Internal linking is one of the simplest but most effective SEO tasks a small site can manage, and this checklist guide exists to make that work repeatable and measurable. On small sites you do not have the luxury of scale, so every link that points between pages should be purposeful and support a clear content hierarchy. This article sets out practical checks you can apply in minutes or a few hours, rather than vague theory, and it assumes you have basic access to your content management system and a way to view site analytics and crawl reports.

Start with the fundamentals: make links useful for humans and understandable for search engines. Use descriptive anchor text that explains what a click will deliver, avoid generic phrasing unless the context justifies it, and prioritise contextual links embedded in paragraphs over lists of links where possible. Keep the site architecture shallow so important pages are within a few clicks of the homepage, and maintain a small number of high-quality internal links rather than many low-value links on every page. These principles help both indexing and user experience.

Use this practical checklist while auditing and improving your site links:

  • Inventory existing pages and identify orphan pages that receive no internal links.
  • Map priority pages that should receive internal link authority, such as service pages or cornerstone articles.
  • Replace vague anchors with short, descriptive phrases that match the user intent of the target page.
  • Link from established, well-trafficked pages to new or underperforming pages to transfer authority.
  • Limit link depth so key pages are reachable in two to three clicks from a landing page.
  • Regularly check for and fix broken links as part of a monthly maintenance routine.
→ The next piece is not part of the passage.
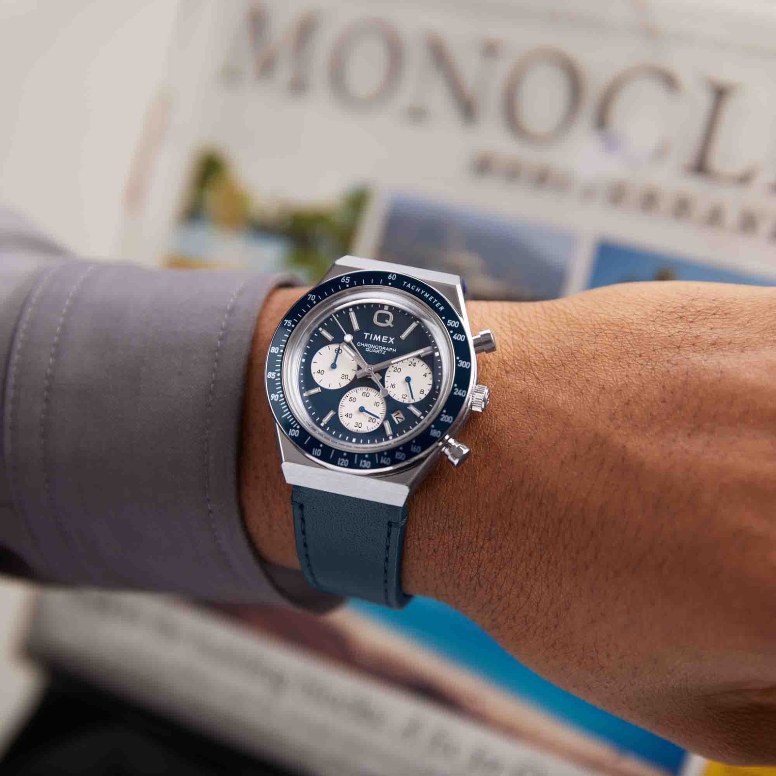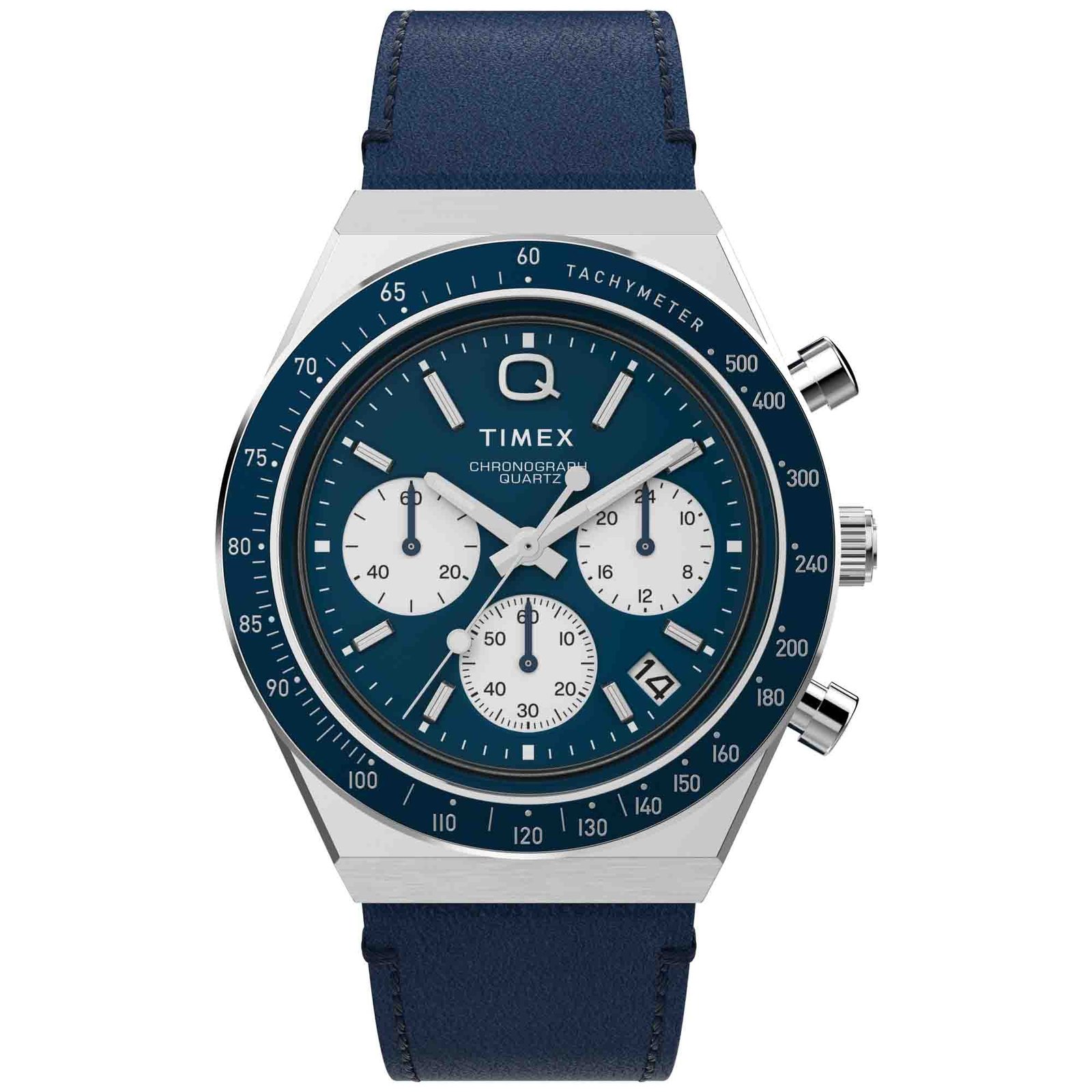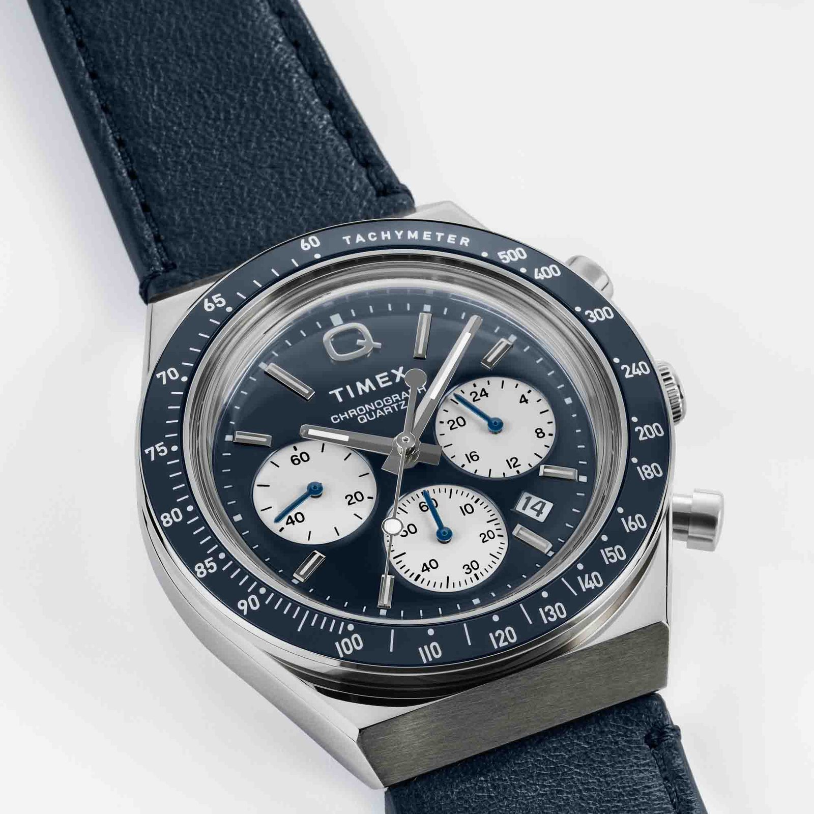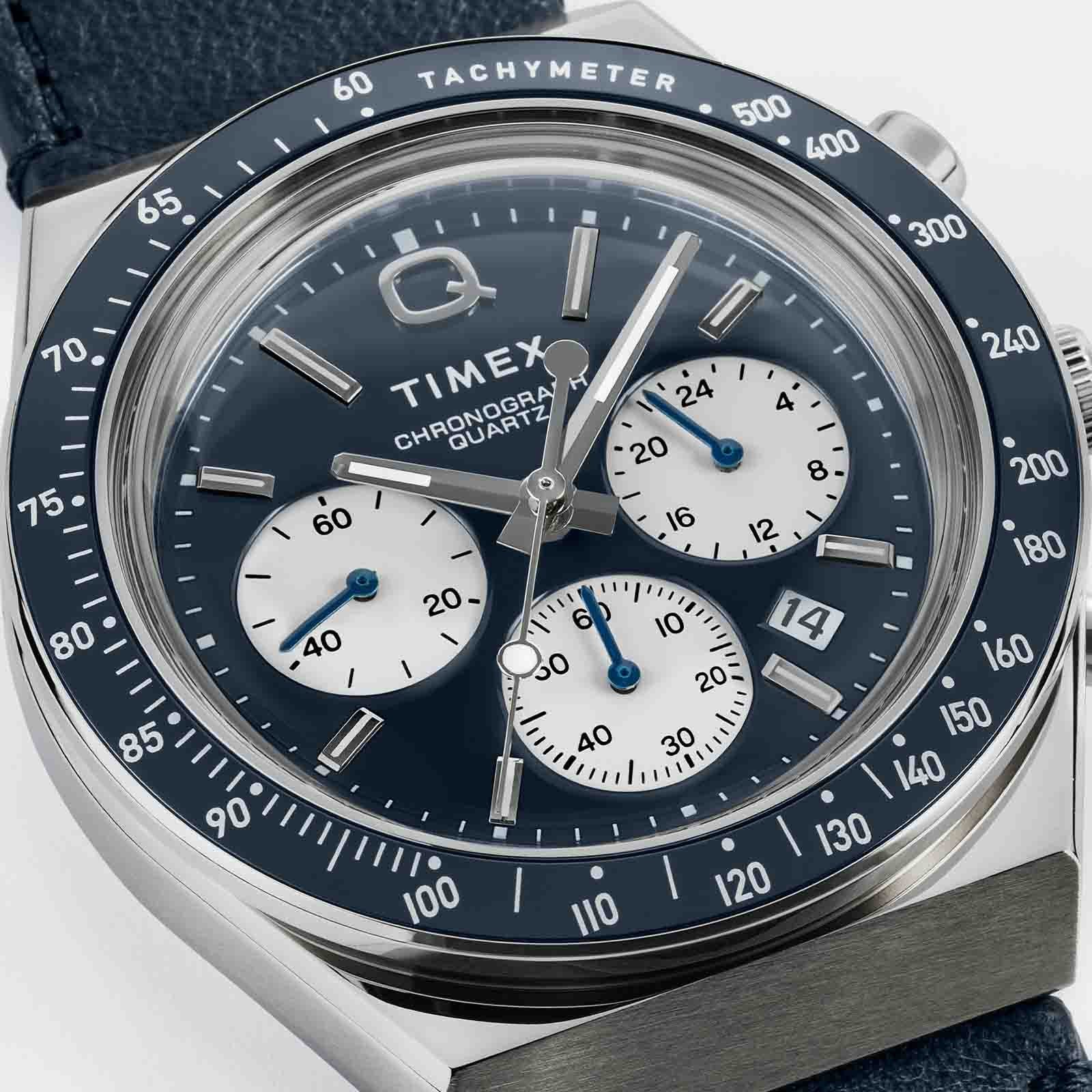 Roar across the finish line with the high-performing Q Timex Chronograph. Inspired by the original motoring watches that graced the tracks of Europe’s most iconic races. this timepiece celebrates the endurance of the legendary 1970s Q Timex. An ultra-precise chronograph movement and tachymeter bezel recreate the finesse and function of a true racing watch. allowing you to determine elapsed time and average speed like the greatest daredevils in motorsports. Contrasting sub-dials. a date feature. hand-applied dimensional indices. and an updated Q Timex logo stand beautifully against a white dial. while a stainless-steel crown and brushed and polished 40mm stainless-steel case bring dynamism and durability to its retro construction. Infinitely wearable. it presents with a natural leather strap sourced from the Leather Working Group (LWG).

When implementing the checklist, work in small, manageable batches to avoid accidental over-optimisation. Choose a group of pages to update each week, add contextual links where they naturally fit, and avoid inserting links solely for SEO reasons without supporting content justification. If you have tag or category pages, be cautious about creating dozens of thin index pages that dilute link equity. For blog posts, linking to a small set of relevant cornerstone pages is usually more effective than linking to every related post.

Measure the impact of internal linking changes using simple metrics: organic landing page sessions, click-through rate from internal banners or menus, and crawl metrics such as crawl frequency and index coverage in search console tools. For small sites, improvements can be visible in organic behaviour within a few weeks if the links are on pages with existing traffic. Keep a short log of changes so you can correlate specific link edits with changes in performance during analysis and avoid attributing unrelated fluctuations to internal linking work.

Common pitfalls to avoid include overloading navigation with every possible link, using the same anchor text excessively across many pages, and creating deep chains where a page links to another that links to a third with no direct path from a key landing page. Also avoid linking to pages that provide little value or duplicate content, as this can waste crawl budget on very small sites. Regular housekeeping, such as pruning low-value pages and consolidating similar content, will make your internal linking more efficient and easier to manage.

Finally, treat internal linking as an ongoing maintenance activity rather than a one-off task, and review the checklist at regular intervals as your site grows or changes. If you would like a quick way to see other short guides and examples in the same vein, visit the SEO & Growth label on Build & Automate for related posts and checklists that complement this approach. For more builds and experiments, visit my main RC projects page.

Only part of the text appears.